Having made it to the stop, grabbed a snack and took some pictures, it began to rain. There is no place like the top of an 11,498’ peak when a thunderstorm breaks out overhead. Needless to say, I sped down the 1400’ as quickly as I could. Having arrived around 2pm, it pretty much rained until the next day, with hours of thunder and lightning.
I decided the following morning to get up early and take the 9 mile hike down from 10,100’ elevation to 7150’. The High Sierra Camp (all HSC’s are closed in 2021) called Merced Lake. Off I went around 8:30am. The views along the way were tremendous.
Heading towards Merced Lake
Emeric Lake is hiding behind the hill!
The flow of water was amazing
I finally made it to Merced Lake, deciding to pass the lake and camp on the opposite side of the high sierra camp. With plenty of water, shelter from any storms, it was time to relax and enjoy.
6:53am Sunrise on Merced Lake
After breakfast and packing up, I let Duckie Jones know it was time to be off on our next adventure. Since this was a completely unscripted adventure, we had three choices: Head towards Clouds Rest and camp there; head towards Cathedral Lake or head towards Sunrise, High Sierra Camp. In the end, I decided to go to Sunrise, which is at 9,350’. Pretty much, this would be an uphill day with a 9+ mile hike.
Duckie Jones Goofing Off
With many incredible views along the way…
More Wonderful Views
Finally made it to Sunrise. One hiker gave me a tip of a camping spot up top with incredible views. What a great tip!
View of Cathedral Peak and Echo Range
View from my camping area
View from Sunrise
The following day I headed towards Cathedral Peak. Wanted to summit the peak but did not have instructions or downloaded maps… On the way, the views were amazing.
Cathedral Peak from Cathedral Lake
I saw one unnamed lake off trail near the base of Cathedral. Venturing off, I found it. And what an incredible find it was! My own unnamed lake!
Unnamed Lake at the base of Cathedral Peak
Turns out, it was a perfect place to rest, eat, take my day pack out and begin the climb to the peak. I only made it up to about 9700’. Turns out this was probably a class 4. One day, I’ll return and summit it – but probably from the other side!

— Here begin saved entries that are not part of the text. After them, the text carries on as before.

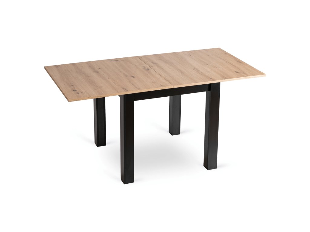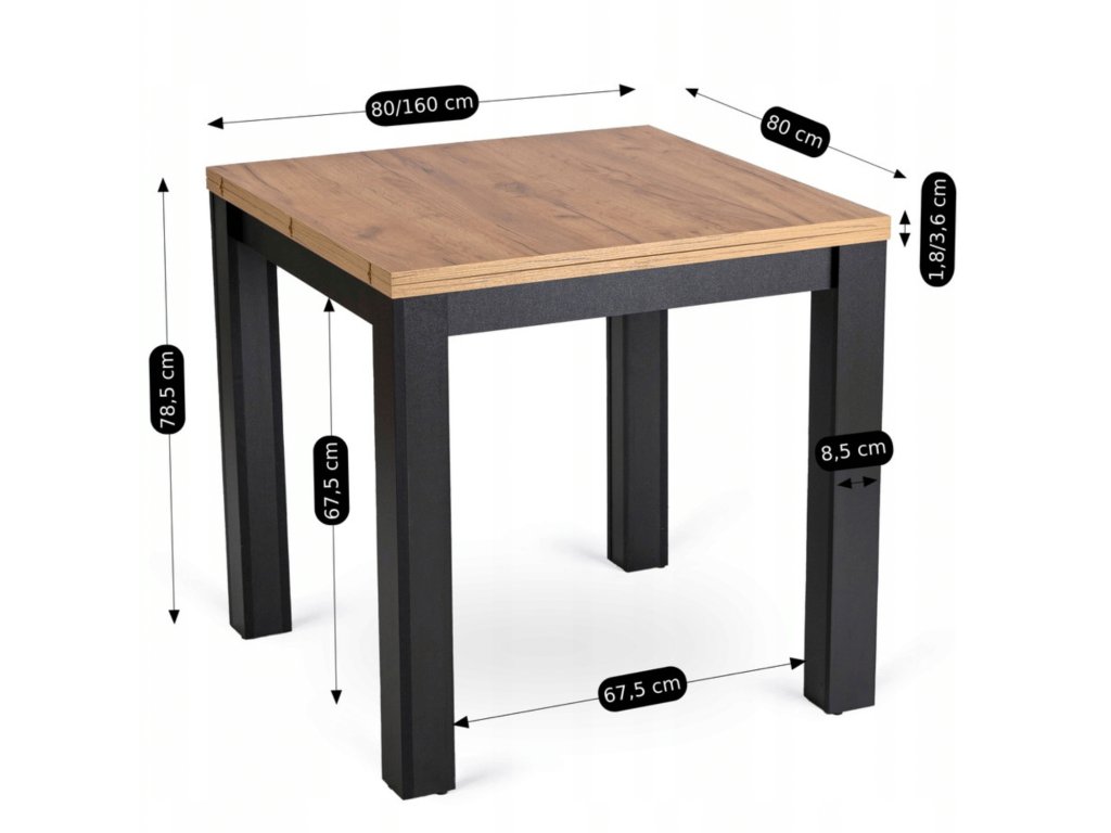Štvorcový stôl Max ponúka ideálne riešenie tam, kde treba šetriť priestor, no zároveň mať možnosť usadiť návštevu. Jeho doska v dekore remeselného duba pôsobí prirodzene a teplo, pričom čierna podnož dodáva moderný kontrast. Vďaka jednoduchému rozkladaciemu mechanizmu sa dĺžka stola zväčší z 80 cm na 160 cm, takže poslúži pri bežnom stolovaní aj pri rodinných stretnutiach.
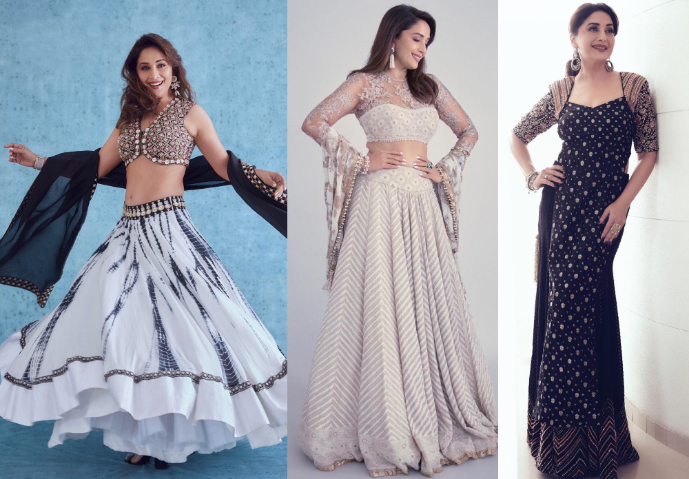 Madhuri has been keeping busy taping for Dance Deewane sporting mostly lehengas. Have a favorite? Mine was the Amit Aggarwal.
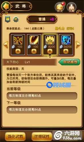 点评:该技能可以攻击到所有的敌方单位,由于曹操是个敏捷见长的武将,所以伤害量一般般。不过作为一个中排远程输出伤害仅次于后排输出,在该武将阵亡时有一个BEFUFF技能,会给敌方全体造成眩晕,小编个人觉得仅仅只能是在比武场找到一点存在感……
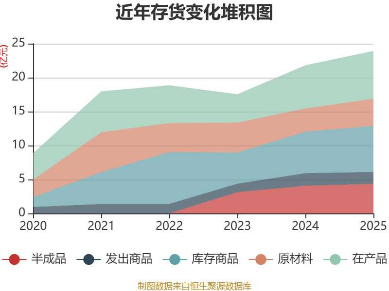 从存货变动来看,截至2025年末,公司存货账面价值为23.92亿元,占净资产的11.04%,较上年末增加2.11亿元。其中,存货跌价准备为6979.49万元,计提比例为2.84%。
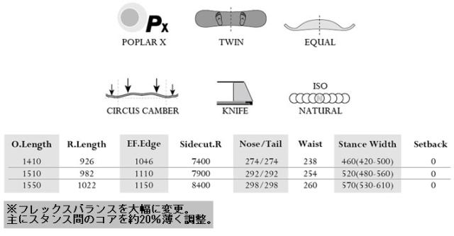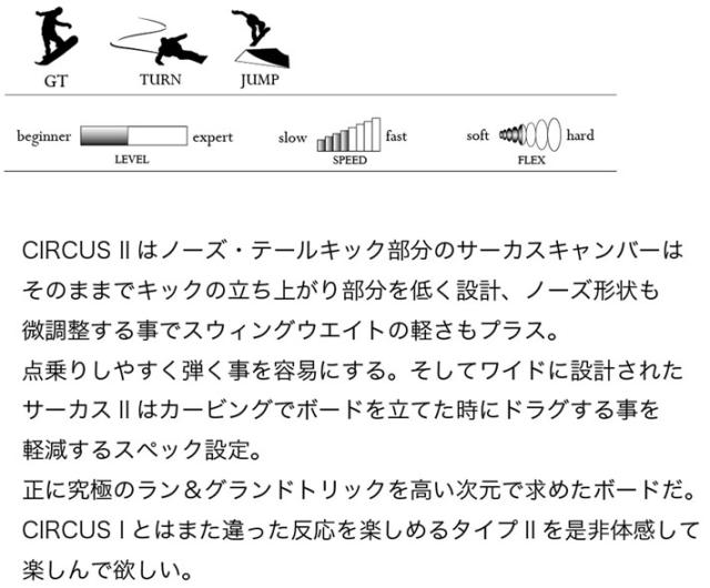 そしてワイドに設計されたCIRCUS2はカービングでボードを立てた時にドラグする事を軽減するスペック設定。
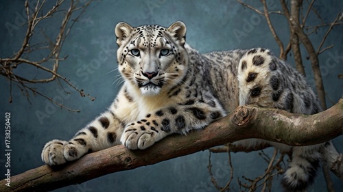 © Rezaul, Fototapeta premium Snow Leopard is on a barred tree branch solid color backdrop

View from the unsuccessful peak climb
Taking a rest on the ledge. Yes, that is straight down. Yes, I believe I slept.
View of the unnamed lake from the climb
The bowl from where the lake sits with the peak in view. On the righthand side is the class 4, heading up on the ridge.
Since I was so close to the car (about 6 miles), and didn’t have another destination in mind, I decided to hike out. What an adventure!